Lehman talked throughout the evening about two of his biggest supporters: Mike Weiher, his choir director at Niles McKinley, and Dr. David Starkey, his teacher and adviser at Youngstown State University.

''Unfortunately, two of the most important people don't live in the area anymore,'' Lehman said prior to the event.

It was Starkey and Weiher who pushed Lehman into focusing on a career in singing.

''I never heard an opera until I went to college. I would always sing to the songs on the radio, but my first solo was in ninth grade,'' Lehman said.

He shared the story of when he realized that he wanted to pursue an operatic career.

It was ''the end of my freshman year at college and a grad student took me down to the listening library. He put in a recording of George London, and we sat and listened to this and I said, 'I want to sing like that','' he said.

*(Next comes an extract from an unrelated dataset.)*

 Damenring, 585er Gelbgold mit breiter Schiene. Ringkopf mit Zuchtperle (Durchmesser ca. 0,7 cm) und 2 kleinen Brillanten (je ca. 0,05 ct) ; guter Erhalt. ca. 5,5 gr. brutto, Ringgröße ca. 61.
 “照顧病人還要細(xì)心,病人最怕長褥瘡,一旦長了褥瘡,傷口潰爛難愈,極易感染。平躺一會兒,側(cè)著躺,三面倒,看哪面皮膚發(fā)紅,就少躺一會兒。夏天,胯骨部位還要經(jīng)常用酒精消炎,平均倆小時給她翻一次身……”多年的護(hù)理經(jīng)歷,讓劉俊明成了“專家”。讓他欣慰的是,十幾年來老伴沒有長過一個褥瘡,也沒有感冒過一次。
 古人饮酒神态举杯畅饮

Having lived in Chicago and New York City, Lehman and his wife, Susan Foster, also an opera singer, have returned to the Valley and now live in Howland.

He spoke of his time ''covering'' - the opera equivalent of an understudy in the theater - for Placido Domingo, and when he finally made his debut at the Metropolitan Opera in New York in 2008 performing in his favorite roll, Tristan from Richard Wagner's "Tristan und Isolde."

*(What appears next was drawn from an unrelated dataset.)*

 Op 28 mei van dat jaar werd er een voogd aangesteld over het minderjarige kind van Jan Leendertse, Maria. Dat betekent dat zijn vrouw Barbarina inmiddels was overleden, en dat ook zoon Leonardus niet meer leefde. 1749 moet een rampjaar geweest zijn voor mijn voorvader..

During his career, Lehman has performed around the world in some of the most famous operas of all time, such as Ruggero Leoncavallo's "Pagliacci" and "Tristan und Isolde."

''That's one of the things that I really like about it,'' he said of the characters he must portray as he sings. ''When I get into a character, I'm not Gary anymore. I absorb the character and live the words.''

The evening began with Lehman and a pianist performing a selection of arias.